To celebrate the Program’s successes, GSWS and the Penn Women’s Center are hosting the 40th Anniversary Conference, with free, public events running Thursday, Feb. 27, and Friday, Feb. 28. Sessions of note include “Early Activism Against Sexual Violence at Penn” and “1973: Celebrating our Founders and Early Activism at Penn,” featuring some of the founders of the Program and the PWC. Feminist writer and media personality Jessica Valenti will deliver the keynote speech, “Purity, Sexism, and Activism.”
“In part, this conference is about the anniversary, so we’re looking back, we’re remembering our founders and activists, and we’re celebrating the good work that women’s studies and activists have done at Penn and what’s been achieved,” says Melanie Adley, associate director of the GSWS Program and the Alice Paul Center. “But at the same time, we’re also looking to what’s missing in the field—there’s always something new.”

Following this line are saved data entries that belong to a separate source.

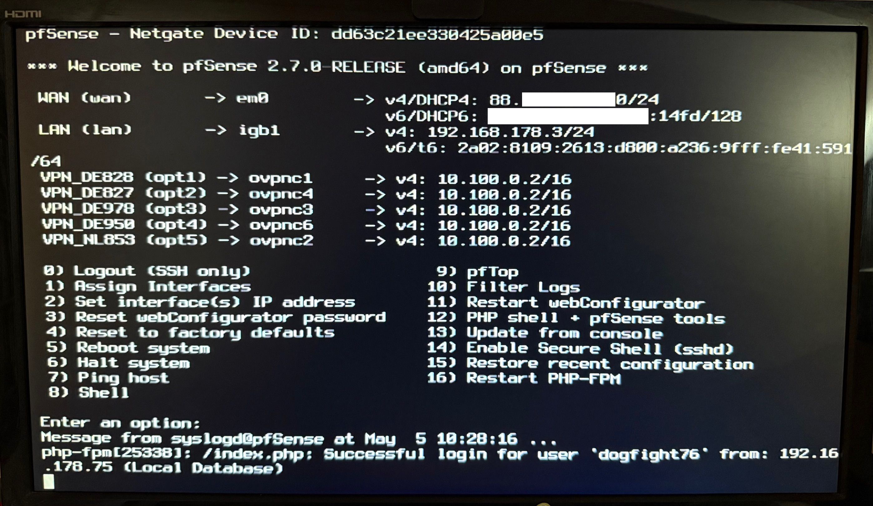 Und wie du Per Terminal auf die pfSense kommst, findest du auch in der Offiziellen Dokumentation, du musst Sie nur Lesen, ich habe nicht die Lust und Nerven dir das hier zu erklären -
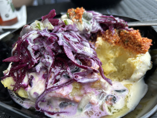 Read moreDie Kartoffel war bei den letzten Malen nicht mehr so lecker, wie man es aus früheren Zeiten kannte. Leider hat sich auch mal wieder etwas am Preis geändert, so ist eine Kartoffel mittlerweile für 5 Euro zu erhalten, und inklusive sind nur noch fünf VERGARISCHE Toppings und zwei Saucen nach Wahl. Sucuk, etc. kostet grundsätzlich 0,50 Euro mehr. So gewinnt man leider keine Kunden und vergrault zusätzlich treue...
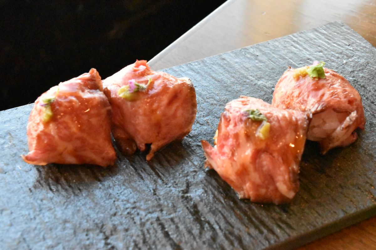 おひとり様1皿限定の「国産牛サーロインのローストビーフ手毬寿司風」は必食の一品!
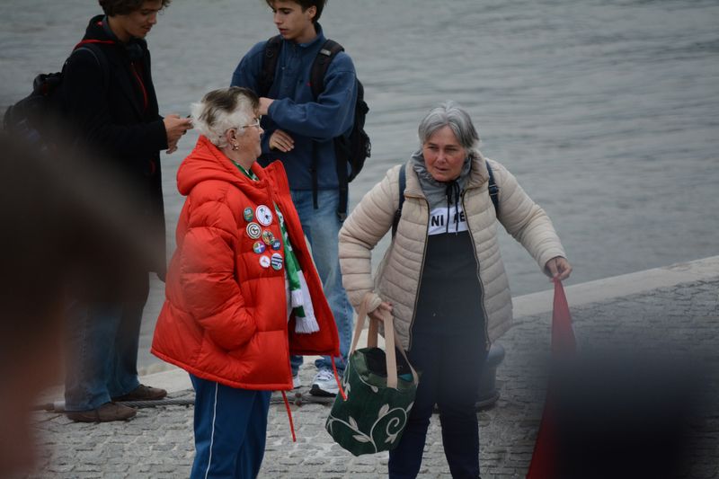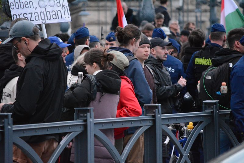 A Duna partján is többen álltak, és párszor felcsendült a „Mocskos Fidesz!”, illetve a „Hazaárulók!” skandálás.
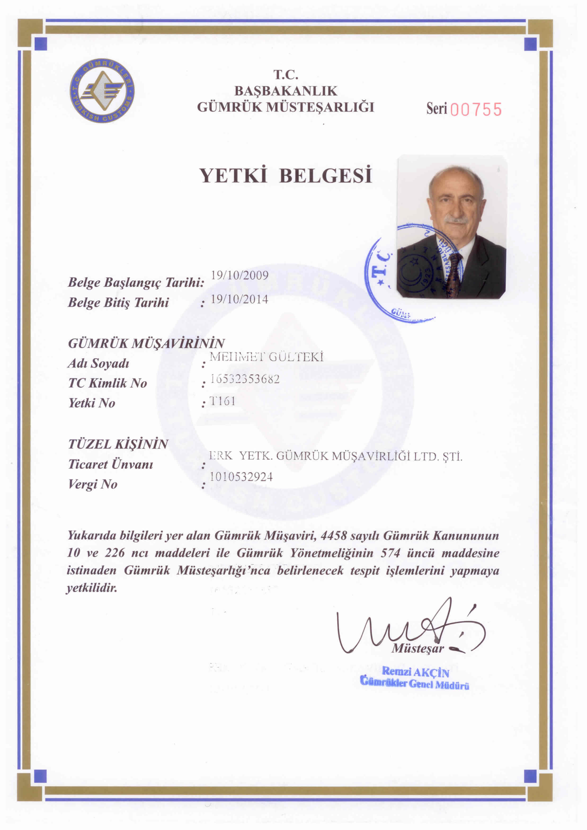 Gümrük Müsteşarlığı’nda 35 yıllık hizmeti müteakiben, 2009 yılında Gümrük Müdürlüğü görevinden emekliye ayrılan Mehmet GÜLTEKİ , 01.09.2009 tarihinden bu yana Yetkilendirilmiş Gümrük Müşaviri olarak hizmet vermektedir.Yetki Belgesi |
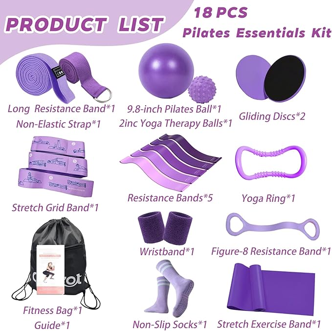 - 【Complete 17PCS Pilates Equipment Set for Home Workouts】 – This pink/purple versatile pilates kit includes 1 mini pilates ball, 5 resistance bands, 1 stretch exercise band, 2 gliding discs, 1 figure-8 resistance trainer, 1 stretching band, 1 multi-level stretching band, 1 long resistance squat band, 1 yoga ring, 1 wrist strap, non-slip socks, 1 fitness bag and 1 workout guide. This pilates essentials kit for women and men suits all fitness levels.
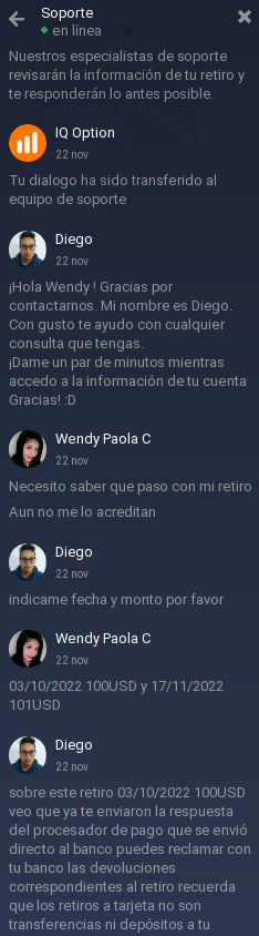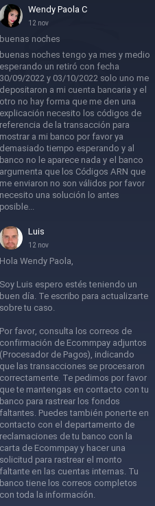 Llevo meses esperando mi retiro que nunca llego a mi cuenta bancaria en definitiva un fraude total hace meses espero eso y la única respuesta es que me mandan unos códigos que el banco los cataloga como no validos de operaciones que el Bróker nunca realizo y El bróker no me da solución de mi dinero y el banco me dice que nunca se realizo la transacción de parte del bróker.
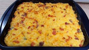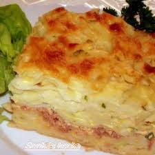 —Dans un saladier, battre 4 jaunes d’oeufs + crème aigre + jambon haché + sel + poivre ….………. Ajouter les nouilles cuites et bien mélanger …………. Battre légèrement les blancs d’oeufs en neige …. et les incorporer.
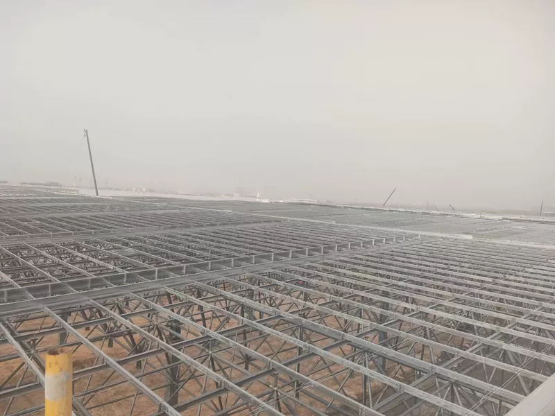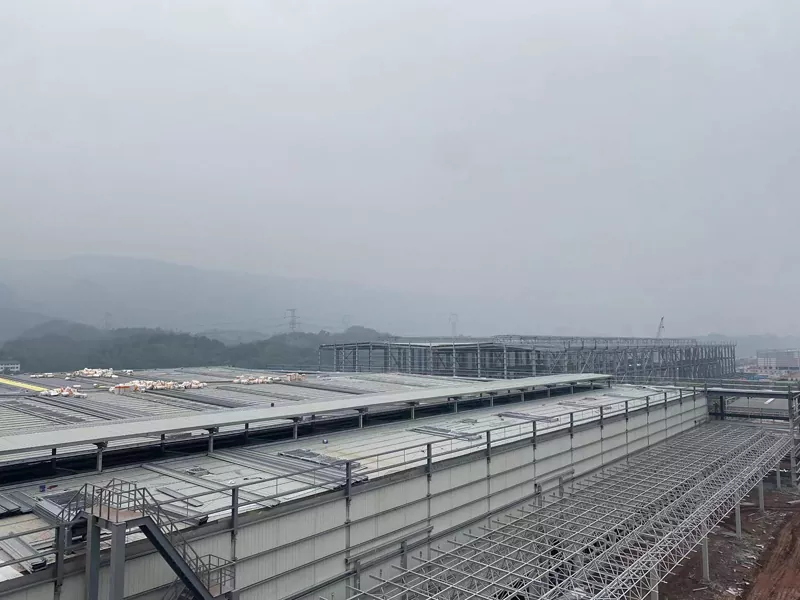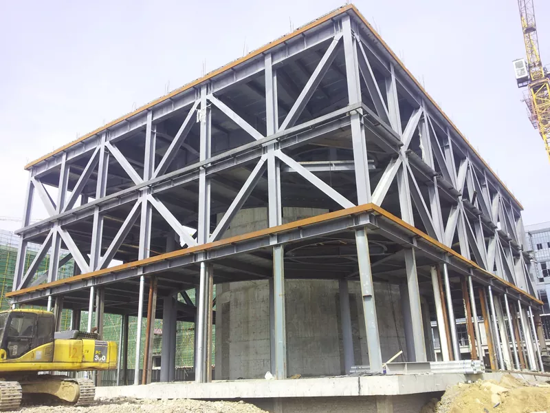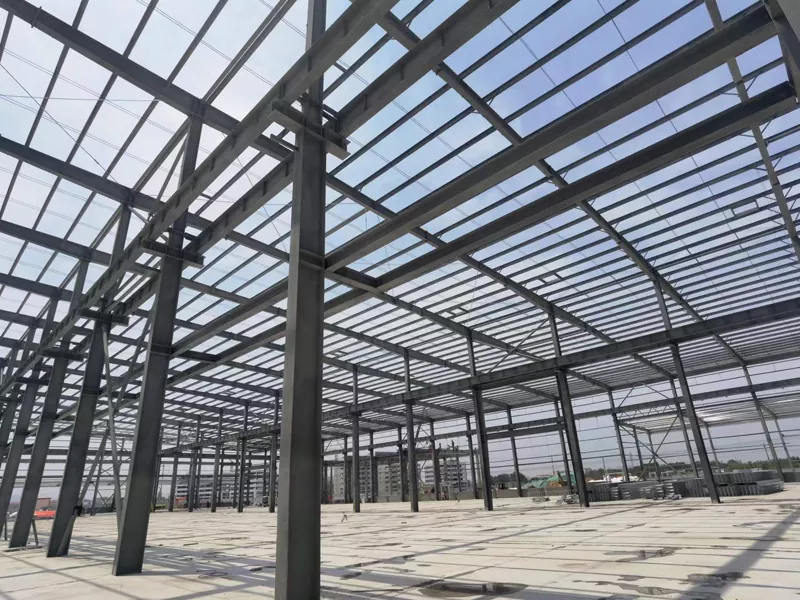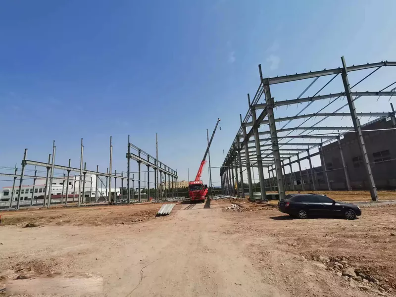 Aðallega samsettur úr stálsúlum, stálgeislum, stálböndum osfrv., Sem eru settir saman í rammabyggingu í gegnum suðu, boltatengingar osfrv.
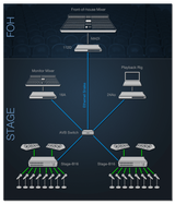 The Stage-B16 provides "digital snake" connectivity using AVB Ethernet, the new industry standard developed by the IEEE for professional audio networking. Run cable lengths up to 100 meters with standard CAT-5e or CAT-6 ethernet cables and ultra-low, sub-millisecond latency. Route audio from an AVB network over an entire performance venue or recording facility.
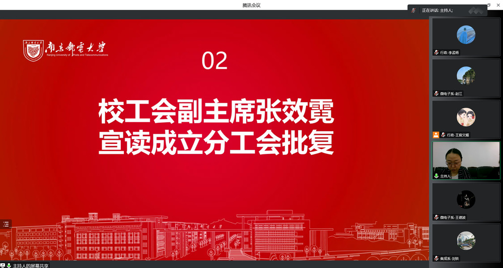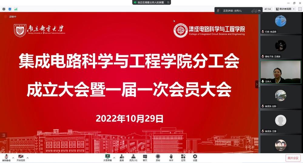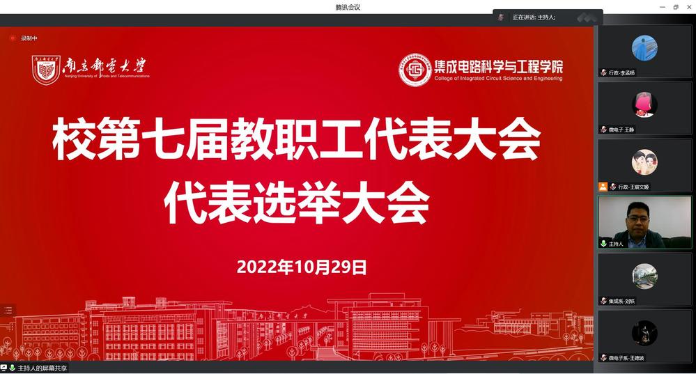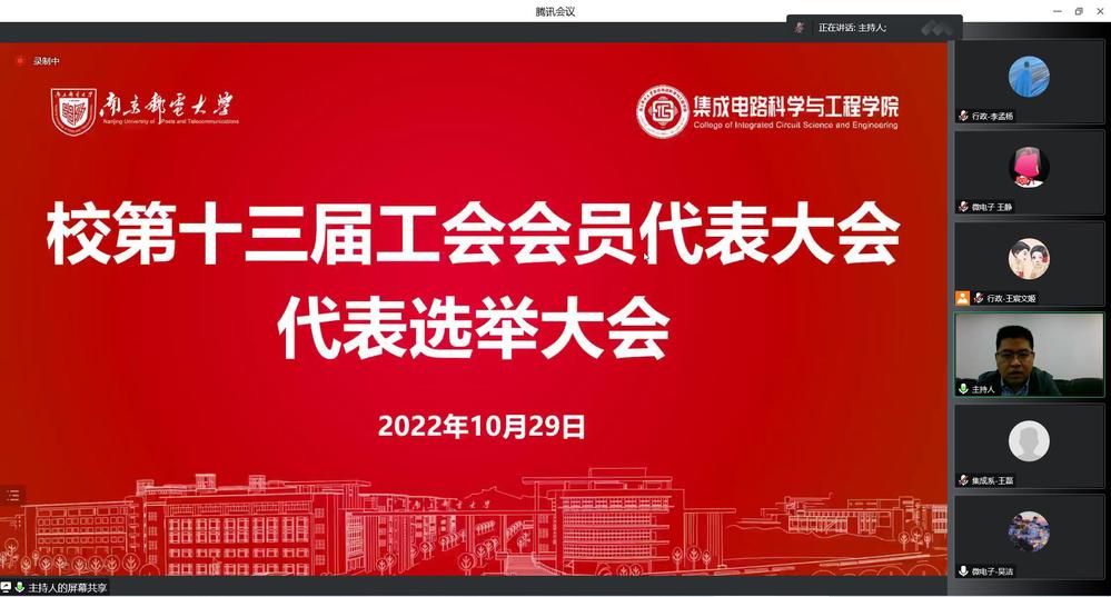 10月29日,集成电路科学与工程幸运轮盘 通过线上形式成功召开分工会成立大会暨一届一次会员大会,校第七届教职工代表大会代表和校第十三届工会会员代表大会代表选举大会。校工会副主席张效霓出席,幸运轮盘 全体教师参加本次会议,大会由院党委书记高翔和院党委副书记乔祖琴分别主持。
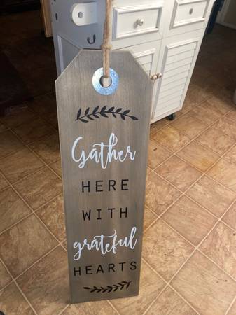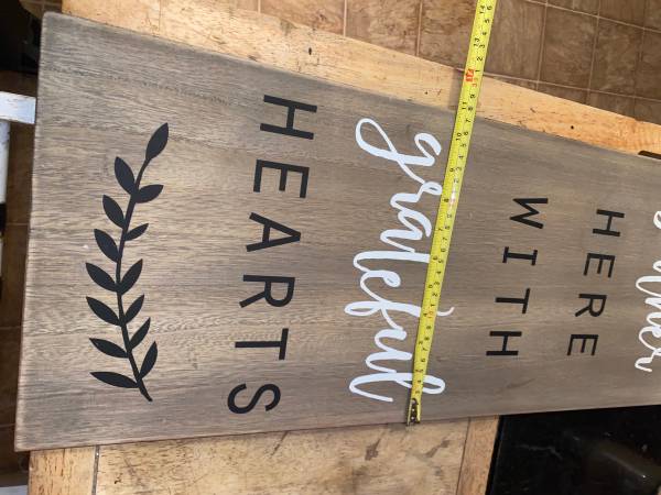 This is like New a sign that you can hang on your wall or front door. It’s made of real wood abs painted to say Gather Here With Grateful Hearts. Made as a welcome type sign for people for a home. Measures 3 foot long by 11 inches wide. Email or text with any questions.
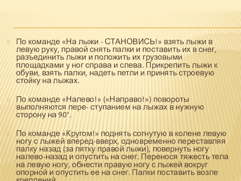 По команде «Налево!» («Направо!») повороты выполняются пере- ступанием на лыжах в нужную сторону на 90°.
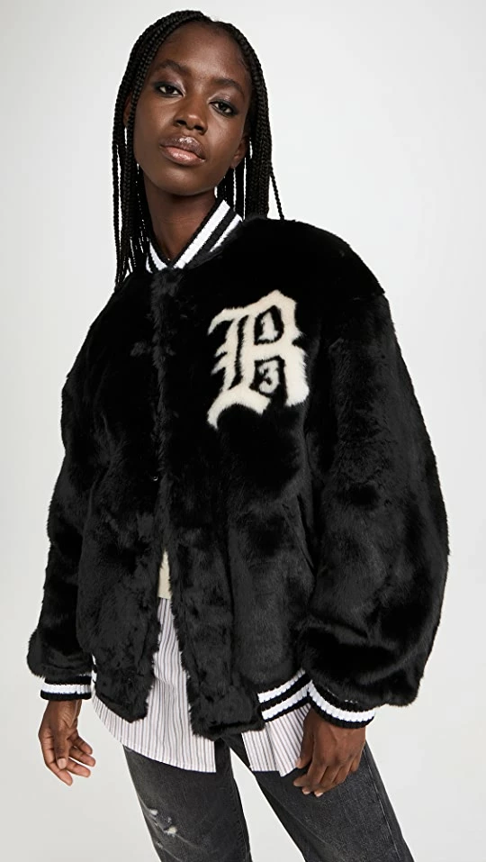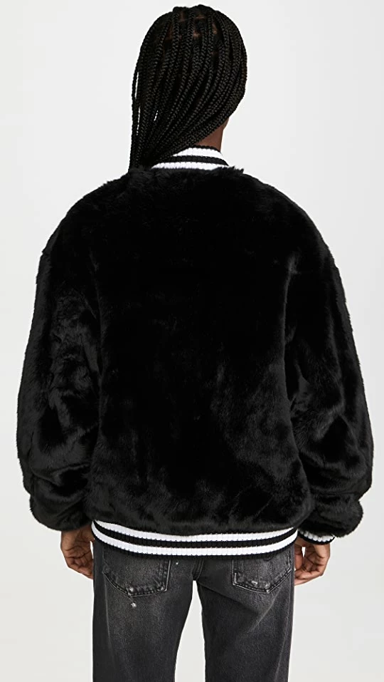 Outlet ✨ R13 Logo Furry Bomber Jacket Black ????

Conference organizers say that in addition to highlighting the interdisciplinary nature of GSWS, they hope attendees will realize just how important understanding the history of women’s studies is to mapping out the field’s future.
“The takeaway is, you can no longer have a neutral notion of subjects like history, or sociology, or really of anything, and just vaguely assume that white males stand for all of humanity,” Poggi says. “I think the study of women destabilizes all of those assumptions, and it complicates the picture of what’s out there, and it will continue to as we expand the narrative.”